At this point, I was in the middle of the certified weight range, but my heavier friends with their larger wings, who were also in the middle of the weight range somehow were penetrating better. I was baffled by this for the longest time until Lauren Martins, a lightweight and more experienced pilot explained it to me. Paraglider manufactures send their smaller gliders to the certification agency excessively large because they fly slower and are easier to certify. They do not spend enough time optimizing the wing to be safe and efficient for smaller pilots because smaller pilots make up less of the market. Manufactures know that pilots associate certification with safety and even though this isn't entirely true, they sell wings to undereducated pilots that believe it is. When you sit down and look at the various sizes of a particular paraglider and divide the wing area by the certified median weight, you will discover that this is true.

The Ozone Rush 3 is gone. I'm now flying a LittleCloud Goose at 20.7 meters. I've lost 5.7 square meters of wing area and gained a few kilograms of weight with added equipment and sizzling sexy muscle (hehe). I finally feel like I'm at the wingloading that I'm supposed to be. Having said that, Thomas Bourdeau, the designer of the LittleCloud wings, tells me that I'd benefit being heavier loaded. LittleCloud has a design philosophy that I can get behind. They believe that you don't need to have big wings with a large aspect ratio in order to maintain performance while also preserving safety. My fear of getting blown back is gone, my ability to penetrate winds is great, and the maneuverability of this glider is incredible. I've gone from driving a bus to a sports car and am having more fun than I've ever had in the air.

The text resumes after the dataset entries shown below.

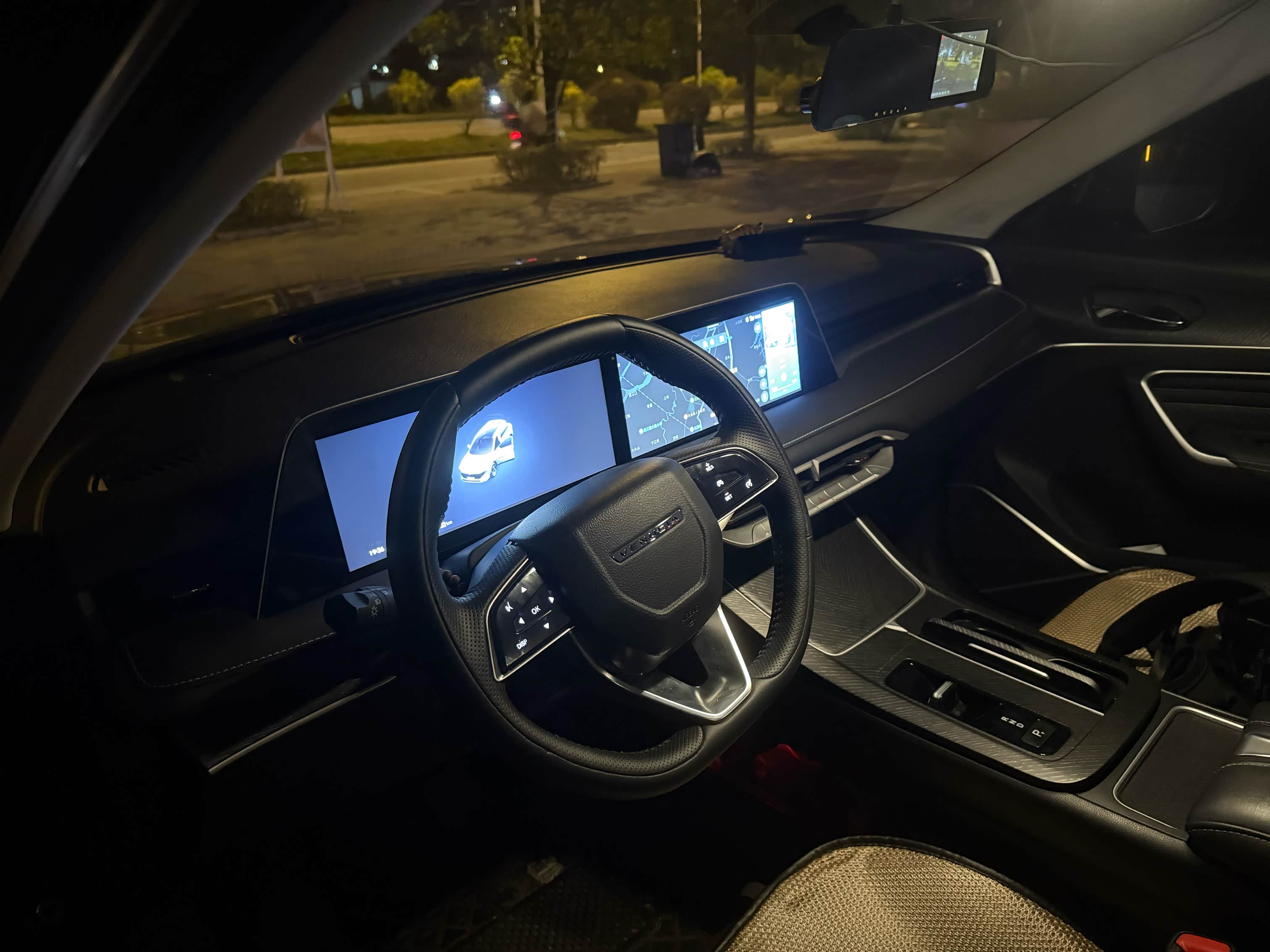 周五晚上市区气温22℃,晚风微凉,特别舒服。小区楼下的辅路停满了周边住户的车,只能慢慢挪着走,路口还有几个小孩追跑打闹,得时刻留意减速。便利店门口的停车位超小,也就比车身宽个20厘米,好在打开360全景影像,盯着屏幕慢慢打方向,一把就停进去了,不用来回倒腾。从便利店出来去超市的路上,晚高峰刚过,主干道车流顺畅,路灯亮起来后,路边的梧桐树影子落在车身上,氛围感还挺足。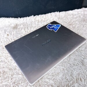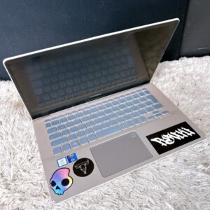 本体天板にはステッカー貼付および剥がし跡があり、全体的に擦り傷や線キズが確認できました。外観の使用感はやや強めでしたが、液晶割れや表示不良はなく、キーボードの入力反応も良好でした。通電・起動確認を行ったところ、OSの立ち上がりや基本操作に問題はなく、実用面では十分使用可能な状態でした。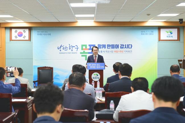 ¼±7±â ÃëÀÓ 1ÁÖ³âÀ» ¸ÂÀº ±èÁ¾½Ä ¸ñÆ÷½ÃÀåÀº 1ÀÏ ¿ÀÀü ½Ãû¿¡¼ ±âÀÚȸ°ßÀ» °®°í, ±×µ¿¾ÈÀÇ Áֿ伺°ú¿Í ÇâÈÄ ½ÃÁ¤¿î¿µ ¹æÇâ µîÀ» ¼³¸íÇß´Ù.

Below is a video of my first flight on the Goose:
  

3 comments:

just julie said...

Thanks for sharing! A friend of mine (who is lighter than you) actually had a correspondence with a wing manufacturer to confirm that not only do the physics not scale down the way they scale up, but for a very long time they were never even _tested_ at the smallest sizes or in the full range of the small sizes. So not only did the wings not behave exactly as their larger counterparts, small pilots were the _test pilots_ for those wings.

Luckily things have improved and there are smaller test pilots (although the smallest wings still aren't necessarily tested fully in the weight range) and wings are designed for the medium size (so they don't have to be scaled down as much).

Plus, as you've learned, Little Cloud actually designs for smaller sizes. Yay for progress! [And some manufacturers have always designed wings with lots of surface area, so they're just never that good for small pilots.]

j

p.s. not sure what size Mistral you had, but there was a version of that one that local small pilots could tell you actually went parachutal on them due to the issues described above! it pays to ask around about wings - and pilots similar to you can really provide a lot of insight.